### EXERCISE REQUIREMENTS
In the data below, locate the line containing "AKA White Freshwater" and the line containing "Thanks for the", then retype both and everything between them exactly. Pictures are not part of the copy.

### MATERIAL SHOWN

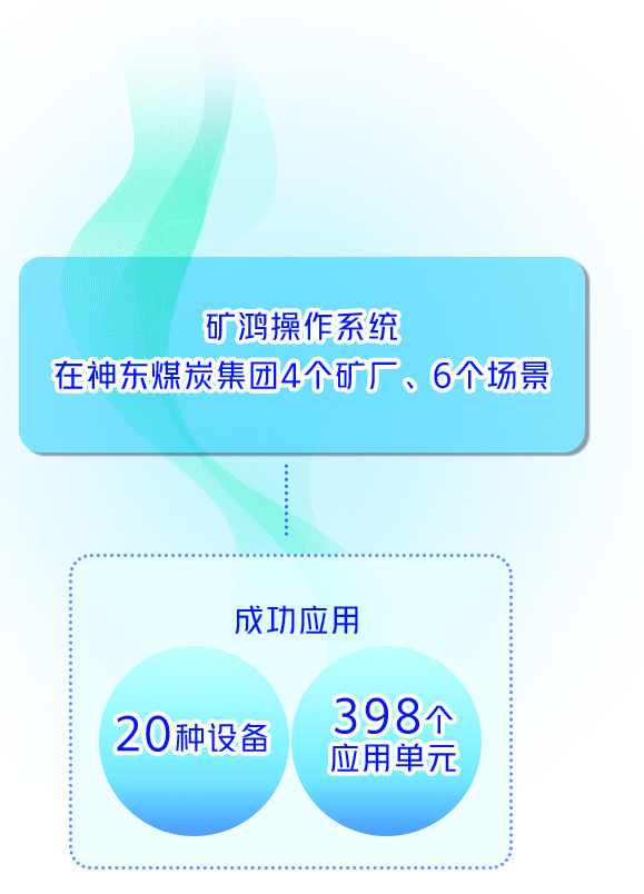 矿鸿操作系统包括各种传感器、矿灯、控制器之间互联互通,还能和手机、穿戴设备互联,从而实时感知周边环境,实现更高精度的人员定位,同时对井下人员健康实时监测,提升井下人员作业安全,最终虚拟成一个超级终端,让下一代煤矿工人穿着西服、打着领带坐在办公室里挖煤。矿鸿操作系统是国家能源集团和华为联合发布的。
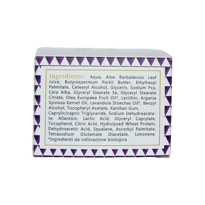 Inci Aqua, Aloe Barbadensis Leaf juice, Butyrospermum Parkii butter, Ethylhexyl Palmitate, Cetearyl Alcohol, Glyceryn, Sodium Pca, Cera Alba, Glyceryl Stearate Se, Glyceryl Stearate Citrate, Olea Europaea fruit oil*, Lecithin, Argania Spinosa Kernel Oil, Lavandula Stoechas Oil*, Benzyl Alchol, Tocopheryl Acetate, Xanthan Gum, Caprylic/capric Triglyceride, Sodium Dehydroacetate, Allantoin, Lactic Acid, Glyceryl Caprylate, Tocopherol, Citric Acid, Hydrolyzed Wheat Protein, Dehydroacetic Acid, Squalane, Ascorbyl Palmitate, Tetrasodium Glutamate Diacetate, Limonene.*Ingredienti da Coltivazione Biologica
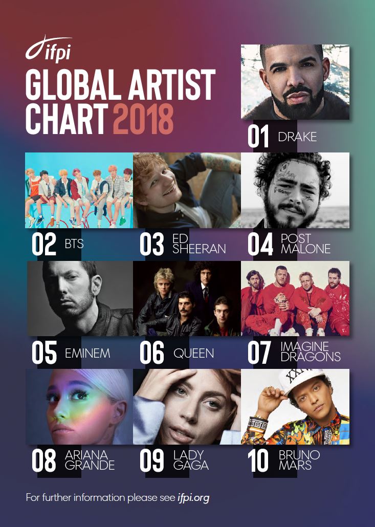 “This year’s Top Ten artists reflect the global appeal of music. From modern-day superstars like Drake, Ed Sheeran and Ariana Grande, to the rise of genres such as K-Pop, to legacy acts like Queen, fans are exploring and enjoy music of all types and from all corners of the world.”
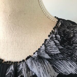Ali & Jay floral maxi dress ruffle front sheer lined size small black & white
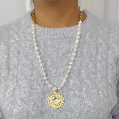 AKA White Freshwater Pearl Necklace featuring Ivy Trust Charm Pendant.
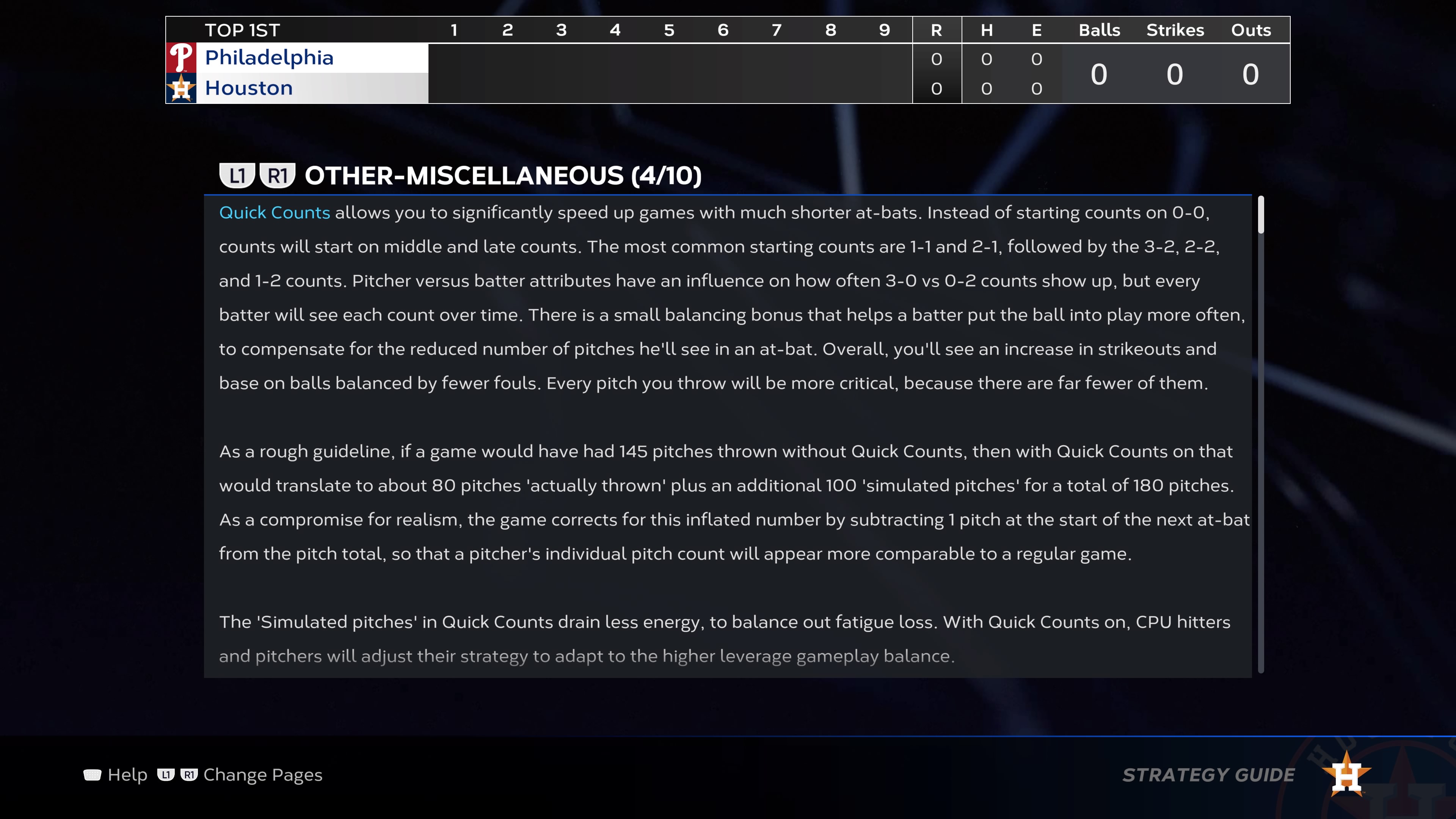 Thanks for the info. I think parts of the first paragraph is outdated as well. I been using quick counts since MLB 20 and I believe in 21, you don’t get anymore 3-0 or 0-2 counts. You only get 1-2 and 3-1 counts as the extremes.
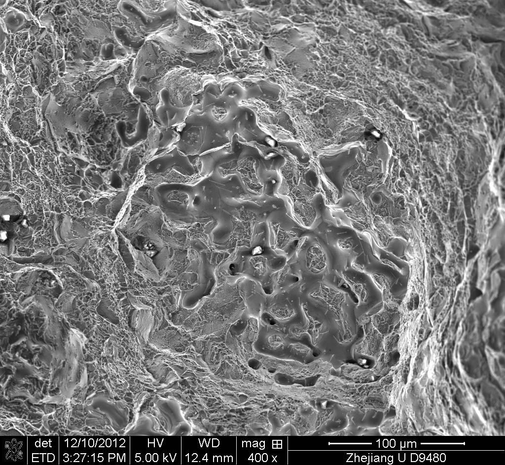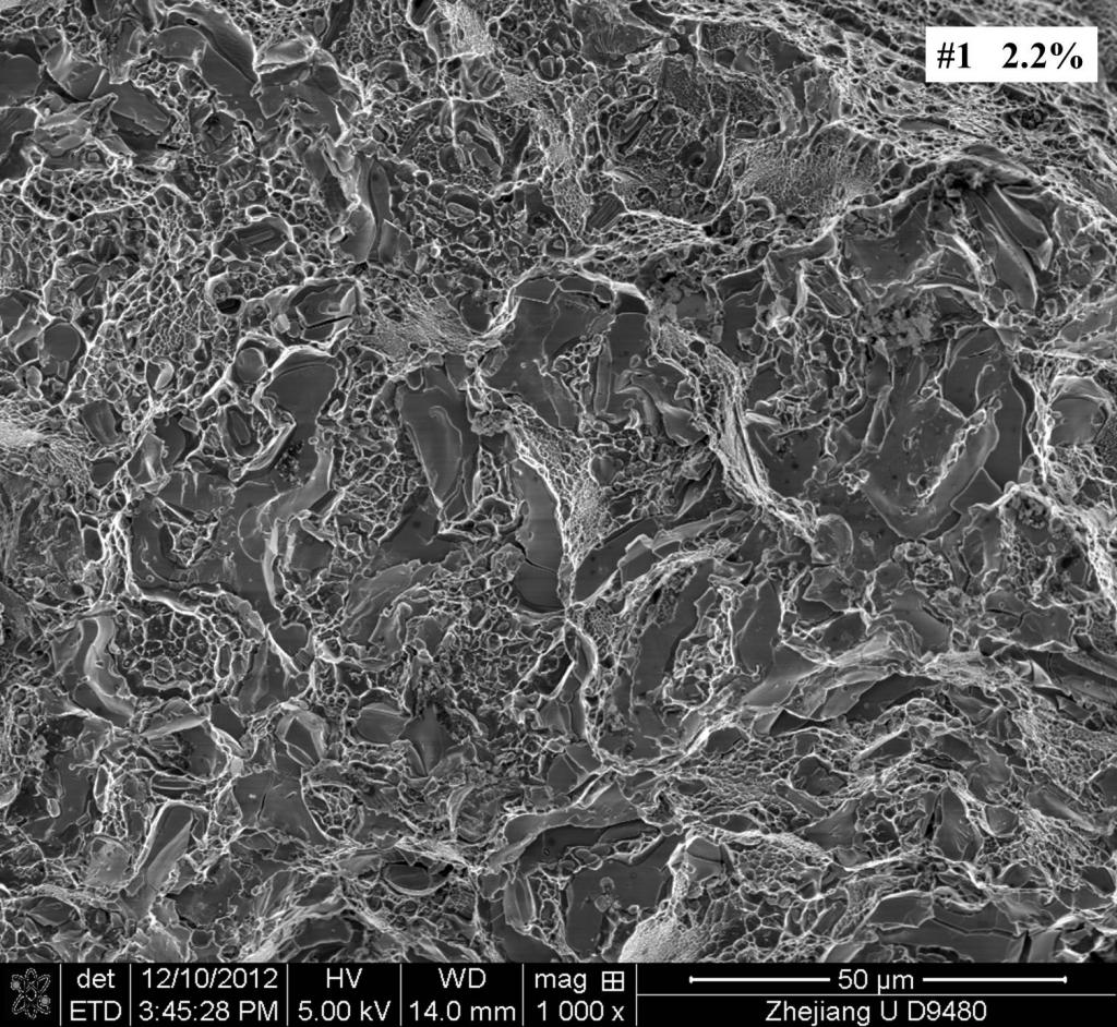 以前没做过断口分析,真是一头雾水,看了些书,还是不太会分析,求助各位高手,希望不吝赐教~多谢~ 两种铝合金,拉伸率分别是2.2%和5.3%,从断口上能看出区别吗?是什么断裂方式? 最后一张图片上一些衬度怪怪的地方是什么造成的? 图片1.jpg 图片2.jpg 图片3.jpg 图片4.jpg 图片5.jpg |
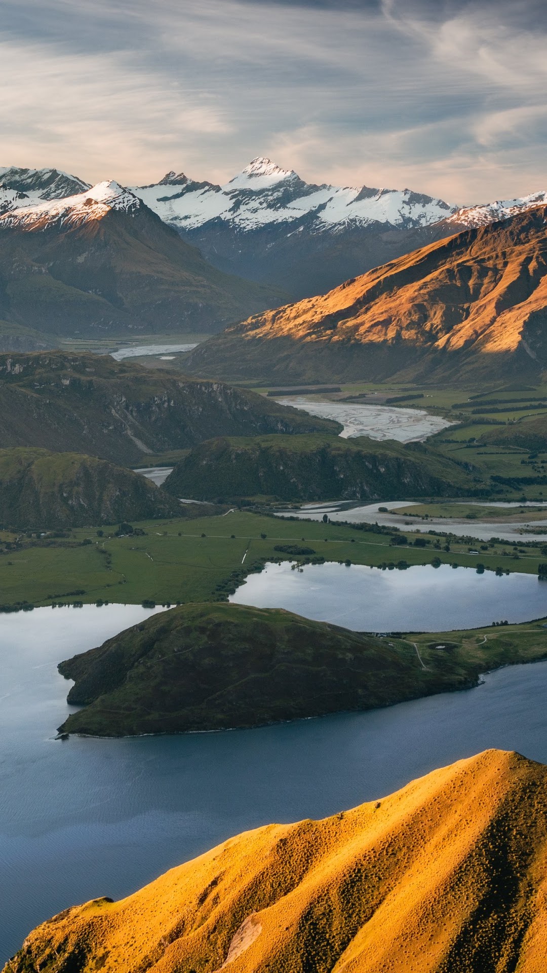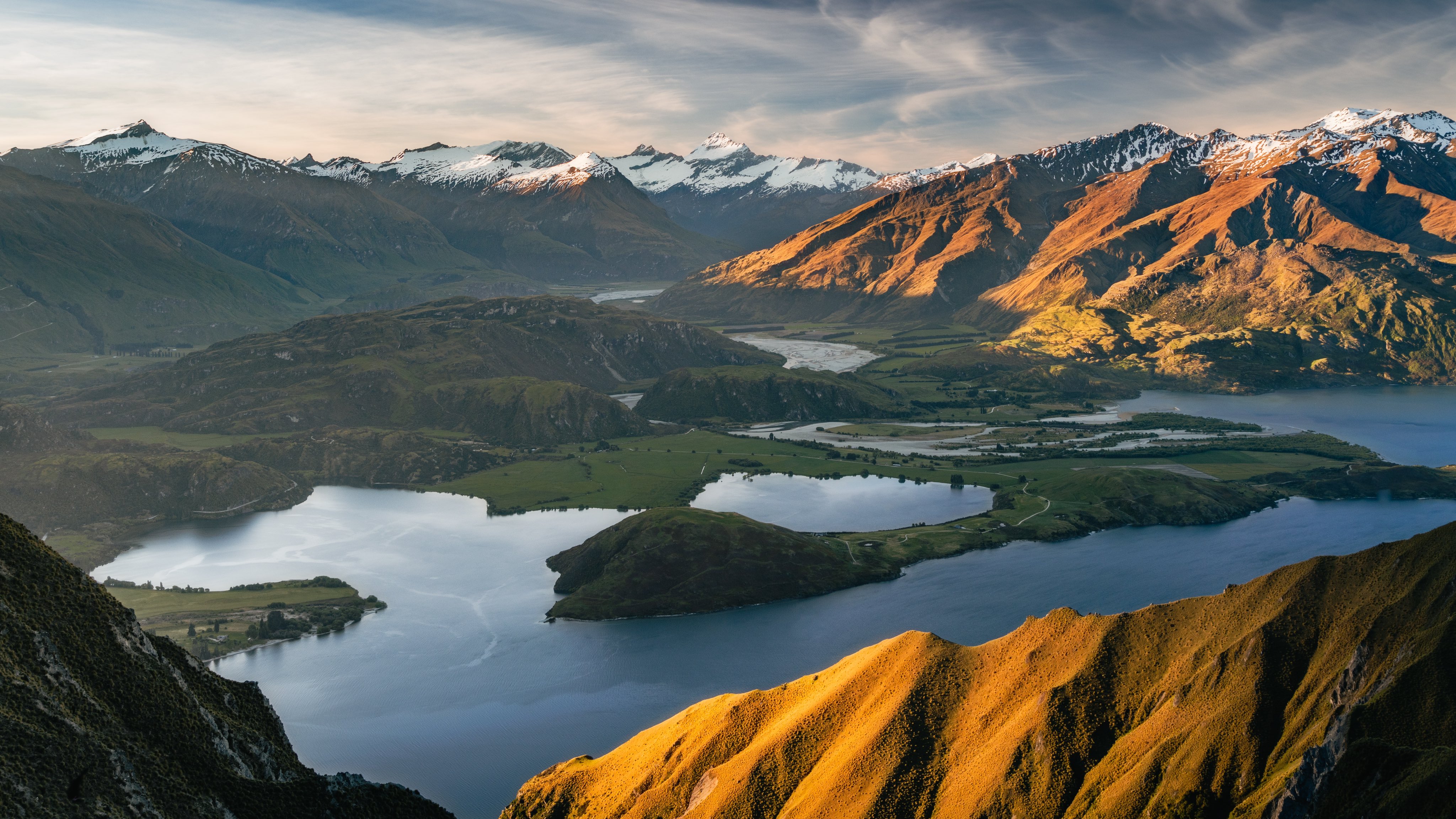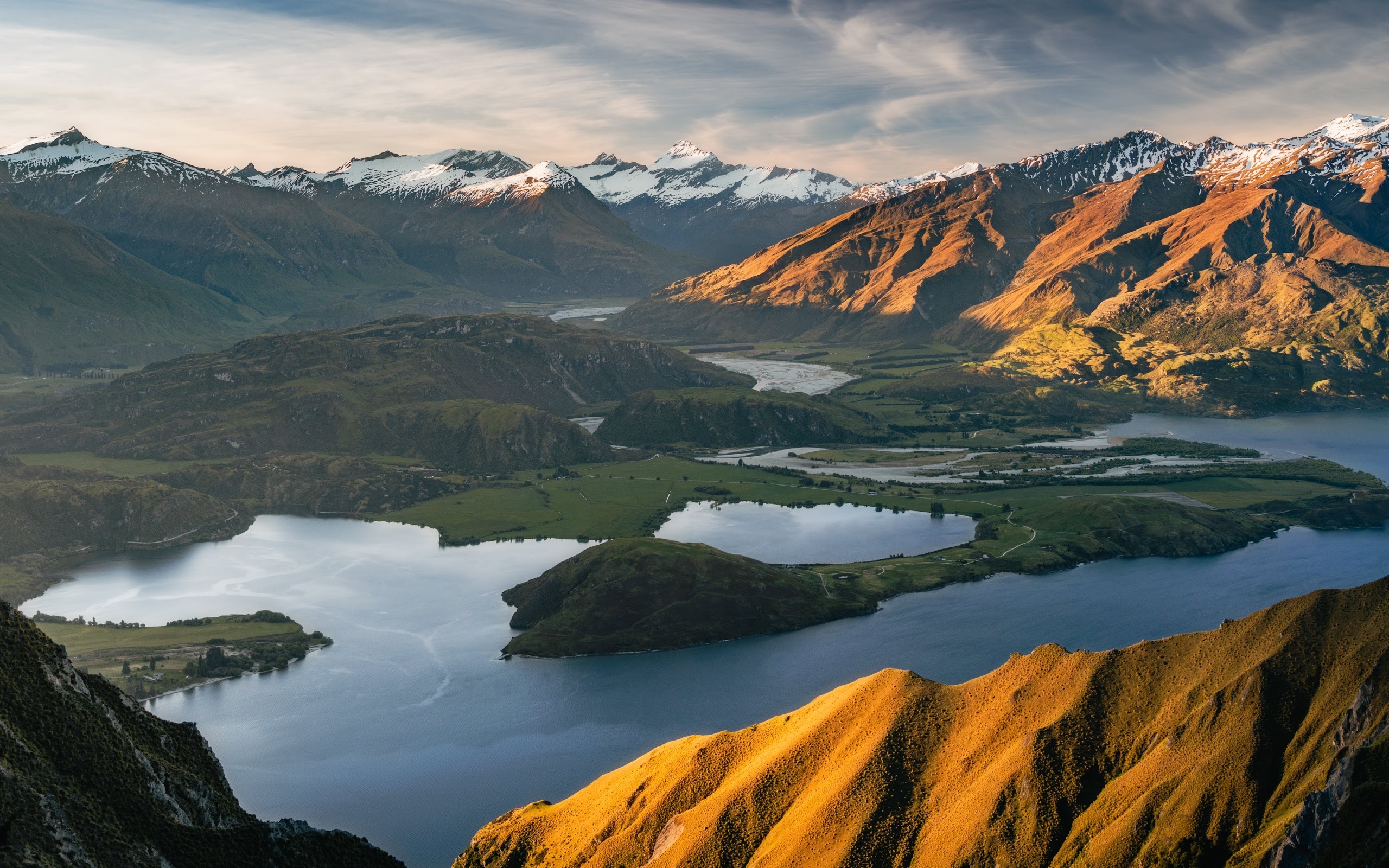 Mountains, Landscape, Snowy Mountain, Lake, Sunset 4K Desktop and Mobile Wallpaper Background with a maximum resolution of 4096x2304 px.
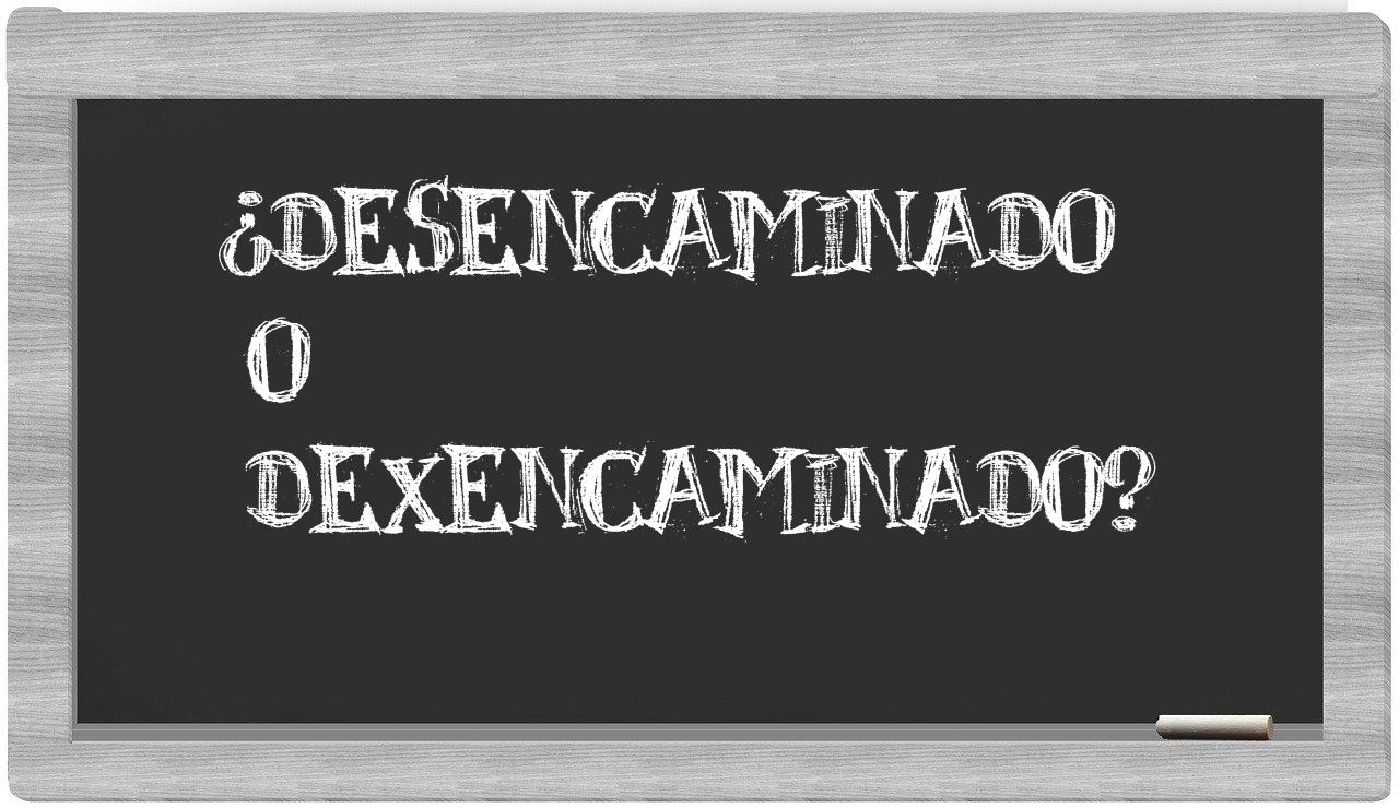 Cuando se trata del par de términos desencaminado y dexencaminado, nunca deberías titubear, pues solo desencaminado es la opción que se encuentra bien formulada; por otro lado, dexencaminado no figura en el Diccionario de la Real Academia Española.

### WRITTEN RESPONSE
 AKA White Freshwater Pearl Necklace featuring Ivy Trust Charm Pendant.
 Thanks for the info. I think parts of the first paragraph is outdated as well. I been using quick counts since MLB 20 and I believe in 21, you don’t get anymore 3-0 or 0-2 counts. You only get 1-2 and 3-1 counts as the extremes.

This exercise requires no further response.